This is correct there are changes in the scapula thorax gliding plane when the shoulder rhythm is applied only one of the contact points remains. This is needed since it would not be possible to fulfill both a specified rhythm and kinematic constraints from the ellipsoid contact.

There are still reactions applied between the scapula and thorax so inverse analysis is ok.

You are absolutely right this would be a better choice for driving the shoulder earlier today i suggested a similar set of drivers in this thread.

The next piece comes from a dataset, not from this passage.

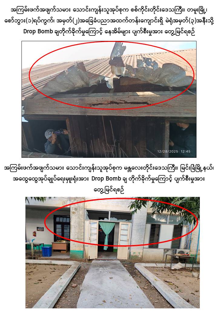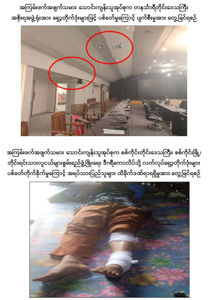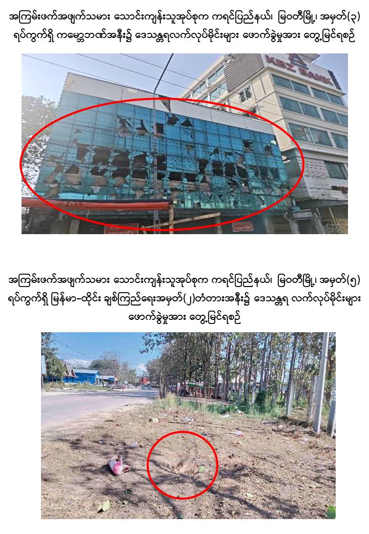 ထို့သို့လုပ်ဆောင်ခဲ့ကြရာ အကြမ်းဖက်အဖျက်သမား သောင်းကျန်းသူအုပ်စုများ အနေဖြင့် ပါတီစုံဒီမိုကရေစီအထွေထွေရွေးကောက်ပွဲအပိုင်း (၁) ကျင်းပခဲ့သည့် ဒီဇင်ဘာ ၂၈ ရက်နေ့၌ ကချင်ပြည်နယ်၊ မြစ်ကြီးနားမြို့၊ ရွှေညောင်ပင်ရပ်ကွက်၊ အမှတ်(၁၁) အခြေခံ ပညာအထက်တန်းကျောင်းရှိ မဲရုံအမှတ်(၈၂)၌ လက်လုပ် အသံမိုင်း ဖောက်ခွဲခြင်း၊ ကယားပြည်နယ်၊ လွိုင်ကော်မြို့၊ ရွှေတောင်ရပ်ကွက်နှင့် မင်္ဂလာရပ်ကွက် အတွင်းသို့ ၁၀၇ မမ လက်လုပ်ဗုံးသီး များဖြင့် ပစ်ခတ်တိုက်ခိုက်ခြင်း၊ ကရင်ပြည်နယ်၊ မြဝတီမြို့၊ အမှတ်(၃)ရပ်ကွက်ရှိ ကမ္ဘောဇဘဏ်အနီးနှင့် အမှတ် (၅)ရပ်ကွက်ရှိ မြန်မာ-ထိုင်း ချစ်ကြည်ရေး အမှတ်(၂) တံတားအနီးတို့၌ ဒေသန္တရလက်လုပ်မိုင်းများ ဖောက်ခွဲခြင်း၊ တနင်္သာရီတိုင်းဒေသကြီး အစိုးရအဖွဲ့ရုံးအား Fixed Wing ဖြင့် ပစ်ခတ်ခြင်း၊ ခမောက်ကြီးမြို့၊ အောင်ချမ်းသာကျေး ရွာအုပ်စု၊ ယုဇနဆီအုန်းကုမ္ပဏီ၊ မာရမ်းပျိုးခြံမှ ဆန္ဒမဲပေးရန် မဲရုံသို့သွားရောက်သည့် ဆီအုန်းခြံလုပ်သား ၁၇၀ ဦးအားတားဆီးခြင်း၊ စစ်ကိုင်းတိုင်းဒေသကြီး၊ ရွှေဘို မြို့၊ အမှတ်(၃)ရပ်ကွက်ရှိ မဲရုံအမှတ်(၂) အနီးသို့ Drop Bomb ချတိုက်ခိုက်ခြင်း၊ စစ်ကိုင်း မြို့၊ တိုင်းရင်းသားလူငယ်များစွမ်းရည်ဖွံ့ဖြိုးရေး ဒီဂရီကောလိပ်သို့ လက်လုပ်ရှော့တိုက်ဒုံး (၆) လုံးဖြင့် ပစ်ခတ်တိုက်ခိုက်ခြင်း၊ တမူးမြို့၊ စော်ဘွား (၁) ရပ်ကွက်၊ အမှတ်(၂)အခြေခံပညာ အထက်တန်းကျောင်းရှိ မဲရုံအမှတ်(၃)အနီးသို့ Drop Bomb ချတိုက်ခိုက်ခြင်း၊ ကသာမြို့မြောက်ဖက်နှင့် တောင်ဖက်မှ လက်နက်ငယ်၊ လက်နက်ကြီးများဖြင့် နှောင့် ယှက်ပစ်ခတ်ခြင်း၊ မန္တလေးတိုင်းဒေသကြီး၊ မတ္တရာမြို့နယ်၊ နန်းတော်ကျွန်းကျေးရွာ အတွင်းနှင့် အောင်မြေသာဇံမြို့ နယ် အတွင်းတို့သို့ ၁၀၇ မမ ရှော့တိုက်ဒုံးများဖြင့် ပစ်ခတ်တိုက်ခိုက်ခြင်း၊ မြင်းခြံမြို့ ထွေ/အုပ်ရုံးအနီး၊ တရားရုံးအနီးနှင့် ဗဟိုအကျဉ်း ထောင်ကြားလမ်းအနီးတို့သို့ Drop Bomb ချတိုက်ခိုက်ခြင်း၊ ညောင်ဦးမြို့နယ်၊ ဇုန်အမှတ် (၉)၊ မဲရုံအမှတ် (၆၄)၊ အခြေခံ ပညာမူလတန်းကျောင်း (ပြွန်)စာသင်ကျောင်းအနီးသို့ လက်နက်ငယ်များဖြင့် လာရောက်နှောက်ယှက်ပစ်ခတ်တိုက်ခိုက်ခြင်း စသည့် အကြမ်း ဖက်အဖျက်အမှောင့်လုပ်ရပ်များကို ဒီဇင်ဘာလ ၂၇ ရက်နေ့ ညနေမှ ၂၈ ရက်နေ့ ညနေ ပိုင်းအထိ အပိုင်း(၁) မဲဆန္ဒနယ် (၁၀၂) မြို့နယ်အနက် မြို့နယ် (၁၁) ခုတို့၌ နှောင့်ယှက် မှုများ ပြုလုပ်ခဲ့ကြရာ ပြည်သူ ၅ ဦးခန့်သာ အနည်းငယ်ထိခိုက်ဒဏ်ရာရမှုဖြစ်ပွားခဲ့သော် လည်း လွတ်လပ်၍တရားမျှတပြီး ဂုဏ်သိက္ခာရှိသည့် ပါတီစုံဒီမိုကရေစီ အထွေထွေရွေး ကောက်ပွဲသို့ နှောင့်ယှက်ပစ်ခတ်မှုနှင့် ခြိမ်းခြောက်မှုများကြားမှ အပိုင်း (၁) ကျင်းပသည့် (၁၀၂) မြို့န

http://forum.anyscript.org/showthread.php?t=2663

Here the SternoClavicularAxialRotation is driven to a fixed value the rest is driven by markers.

Best regards
Søren

Hi Søren

I had the second MoCap session. I haven’t enabled the shoulder rhytm and i drive the SternoClavicularAxialRotation on both sides with fixed 20°. I run the MotionAndParameterOptimization and optimized the RUPA, LUPA, RFRA and LFRA marker positions.
I run also the inverse dynamic model.
Everything works computationally (I didn’t get some errors), but i get some penetration warnings.

Now i got some questions about my model:
Is the optimization okay? I think the rotation of the elbow is not okay, how can i get better results?
Can i drive the SternoClavicularAxialRotation with fixed 20° or should i vary the rotation and how?
Can i get rid of the penetration warnings?

The model is in the attachement, I use AMMRV1.2 And the AMS 4. 2. 0. 1460

Hi Christoph,

Sorry for the late reply. The model look quite good to me. I think the elbow flexion is ok. Maybe the shoulder is a little high, but not by much according to the markers. Driving the SternoClavicularAxialRotation to 20° is also ok.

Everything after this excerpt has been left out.